Required action:
Range to copy from the entries below: the line containing "鉴于深圳市金玉心理咨询有限公" through the line containing "Hier finden Sie", inclusive. Retype only those lines, exactly, without any images.
** Opening Records shown block **
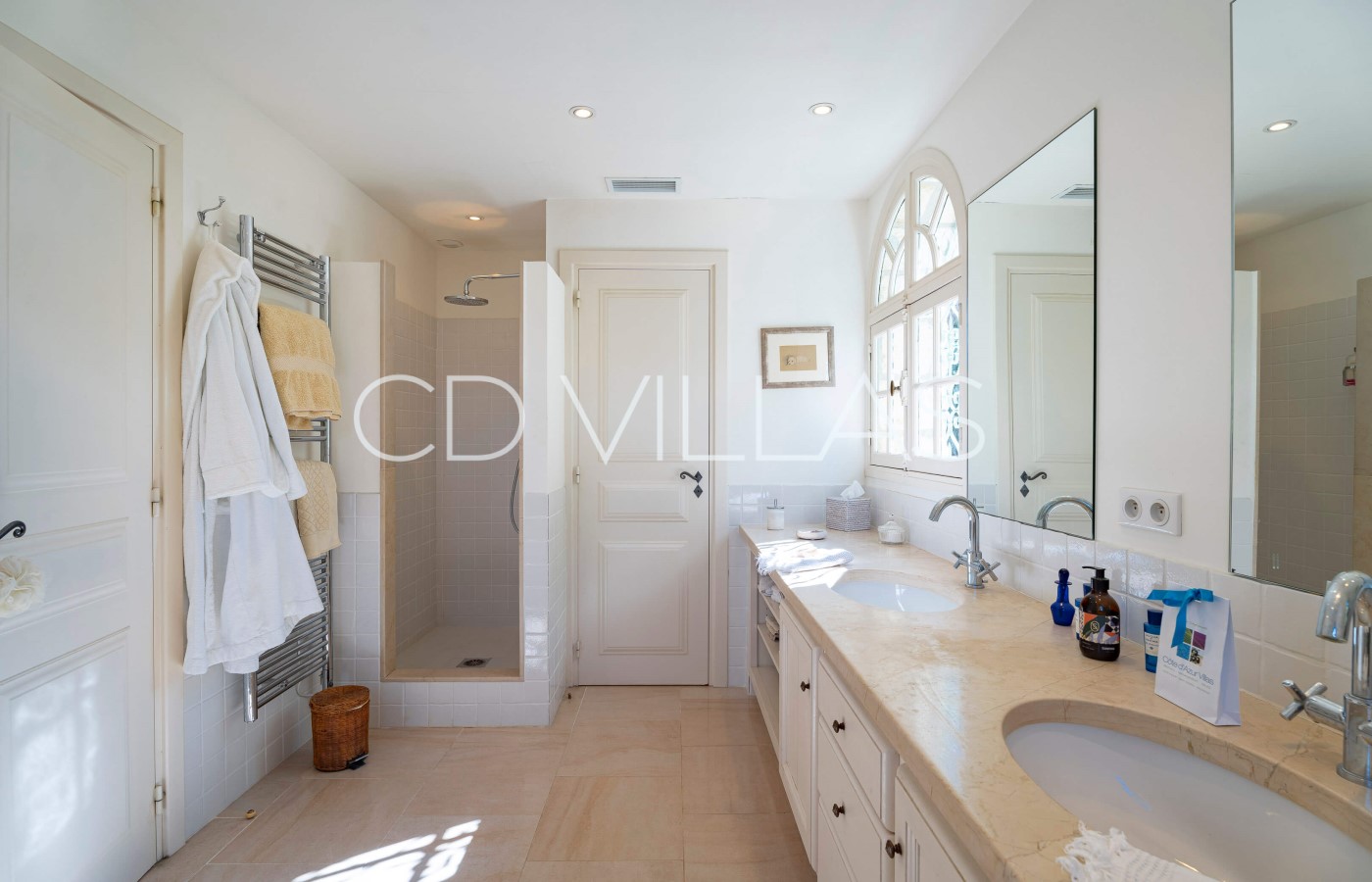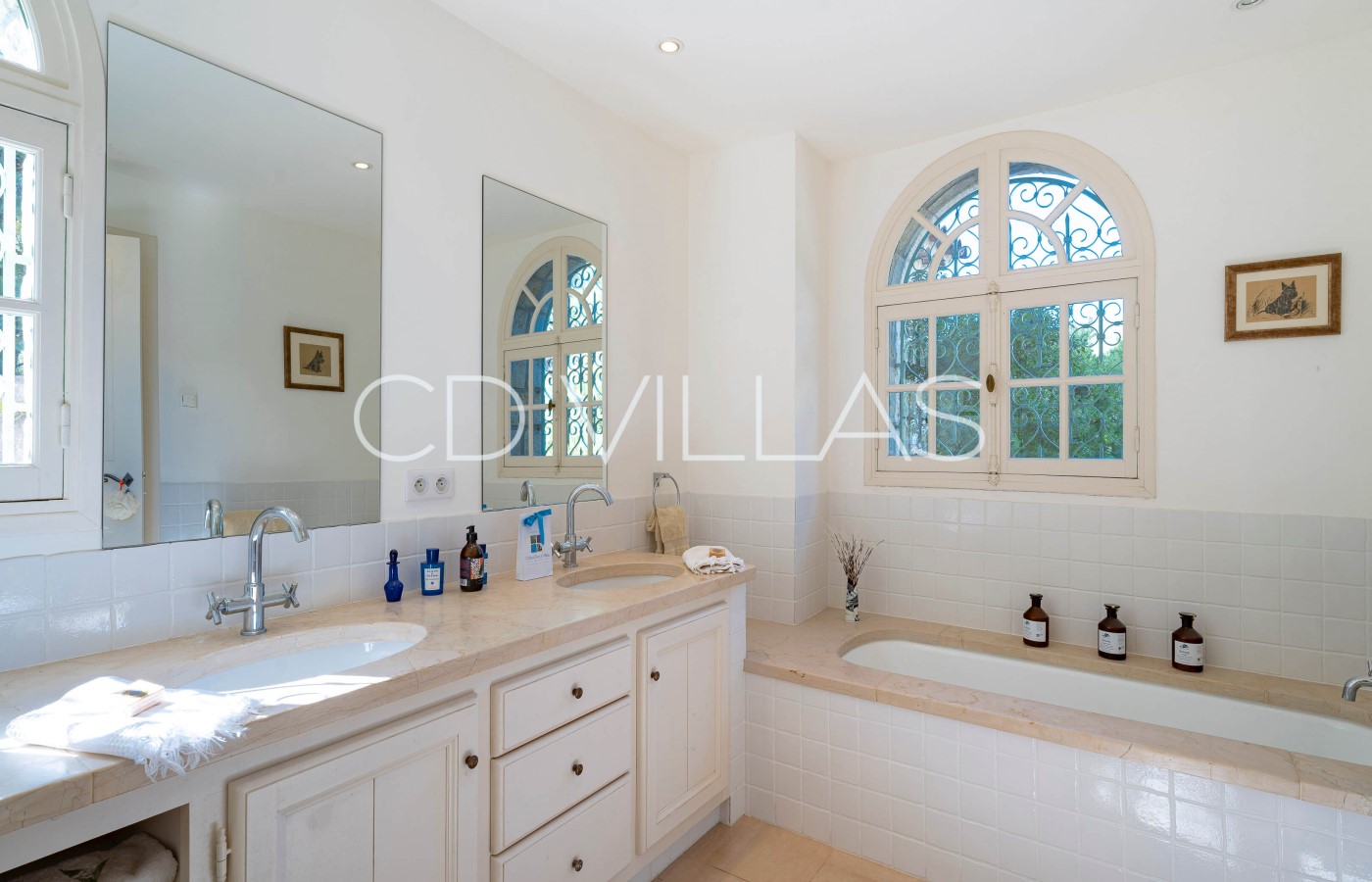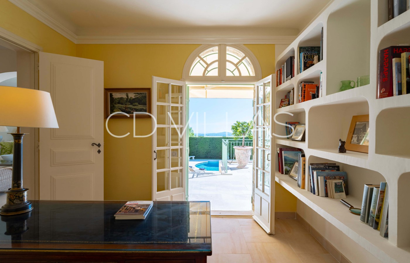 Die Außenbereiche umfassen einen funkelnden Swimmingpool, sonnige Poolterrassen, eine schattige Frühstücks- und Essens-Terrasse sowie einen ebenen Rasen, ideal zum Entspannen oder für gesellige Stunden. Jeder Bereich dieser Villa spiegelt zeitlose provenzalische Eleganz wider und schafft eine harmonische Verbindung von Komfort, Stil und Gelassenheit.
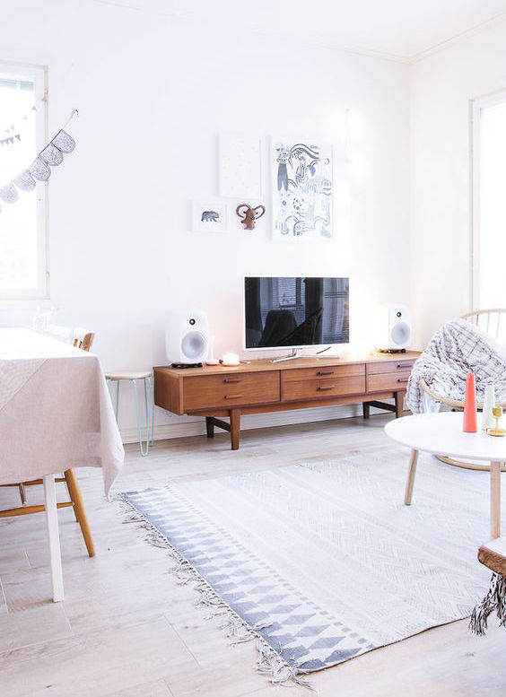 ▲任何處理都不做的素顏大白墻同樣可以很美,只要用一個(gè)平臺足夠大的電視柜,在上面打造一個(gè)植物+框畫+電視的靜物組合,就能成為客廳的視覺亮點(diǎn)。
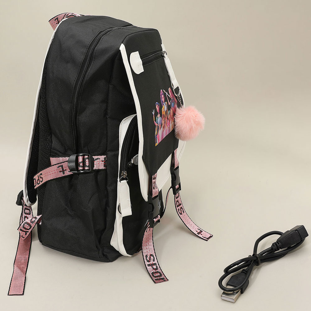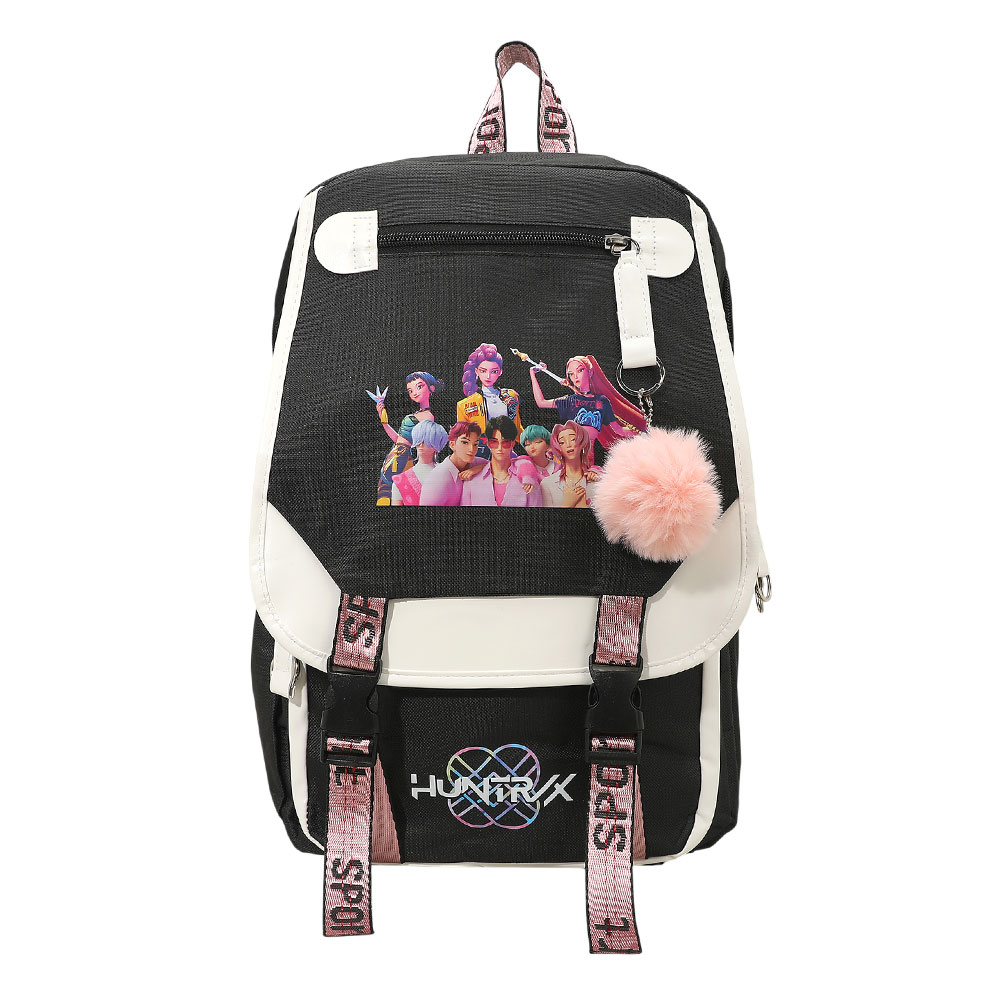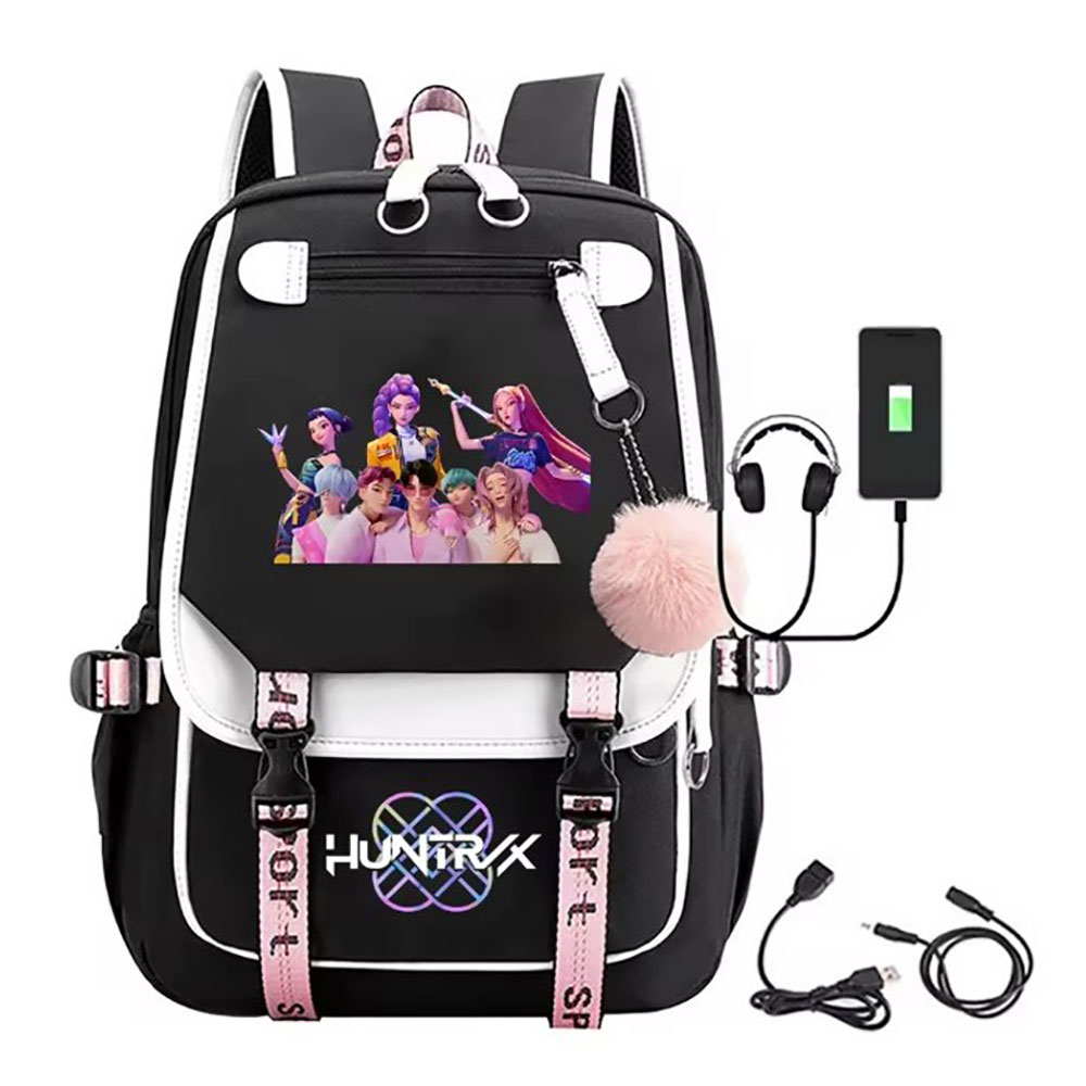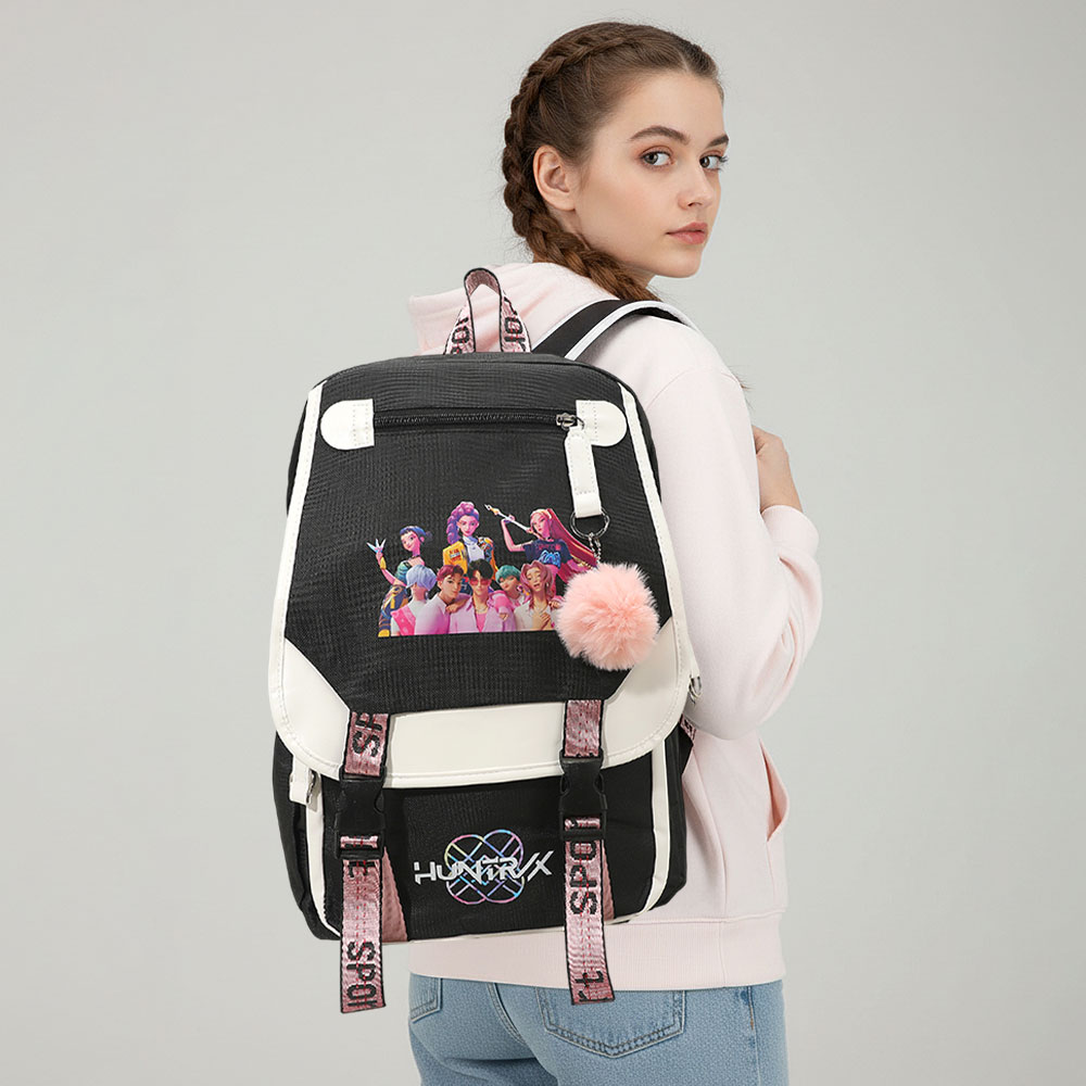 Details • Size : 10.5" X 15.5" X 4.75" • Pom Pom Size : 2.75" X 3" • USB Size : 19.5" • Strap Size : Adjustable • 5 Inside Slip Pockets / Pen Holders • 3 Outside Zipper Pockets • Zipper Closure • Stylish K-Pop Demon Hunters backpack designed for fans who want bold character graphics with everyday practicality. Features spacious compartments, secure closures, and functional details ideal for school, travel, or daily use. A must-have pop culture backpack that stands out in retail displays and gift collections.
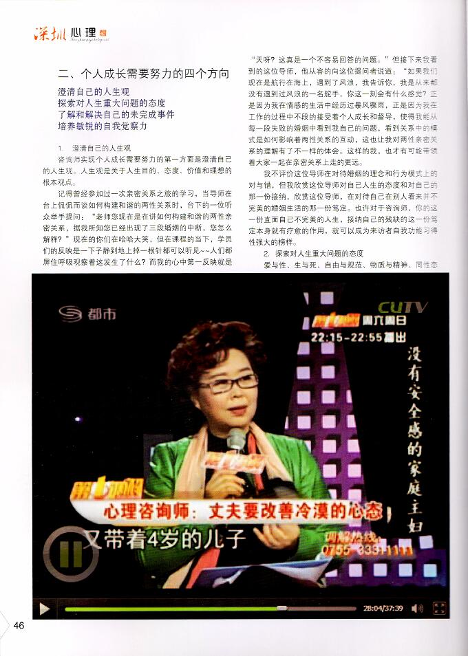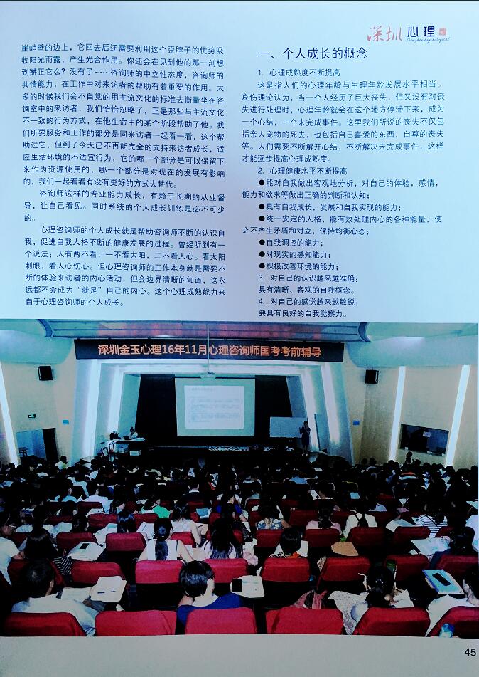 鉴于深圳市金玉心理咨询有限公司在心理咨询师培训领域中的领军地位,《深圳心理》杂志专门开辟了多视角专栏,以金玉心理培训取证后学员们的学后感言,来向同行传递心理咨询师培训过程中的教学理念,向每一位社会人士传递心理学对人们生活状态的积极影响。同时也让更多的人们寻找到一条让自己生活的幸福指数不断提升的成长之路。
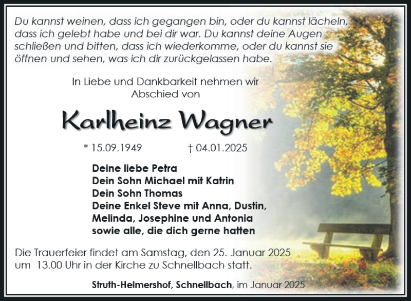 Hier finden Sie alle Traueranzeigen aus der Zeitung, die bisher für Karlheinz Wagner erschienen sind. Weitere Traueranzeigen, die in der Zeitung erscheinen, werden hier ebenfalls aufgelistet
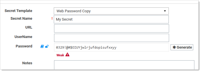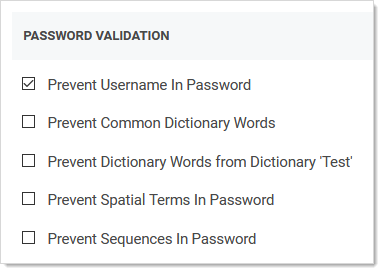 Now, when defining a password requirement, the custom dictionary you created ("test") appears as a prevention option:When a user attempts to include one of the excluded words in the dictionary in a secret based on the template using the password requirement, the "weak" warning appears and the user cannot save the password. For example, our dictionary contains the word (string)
** Closing Records shown block **
Written solution:
 鉴于深圳市金玉心理咨询有限公司在心理咨询师培训领域中的领军地位,《深圳心理》杂志专门开辟了多视角专栏,以金玉心理培训取证后学员们的学后感言,来向同行传递心理咨询师培训过程中的教学理念,向每一位社会人士传递心理学对人们生活状态的积极影响。同时也让更多的人们寻找到一条让自己生活的幸福指数不断提升的成长之路。
 Hier finden Sie alle Traueranzeigen aus der Zeitung, die bisher für Karlheinz Wagner erschienen sind. Weitere Traueranzeigen, die in der Zeitung erscheinen, werden hier ebenfalls aufgelistet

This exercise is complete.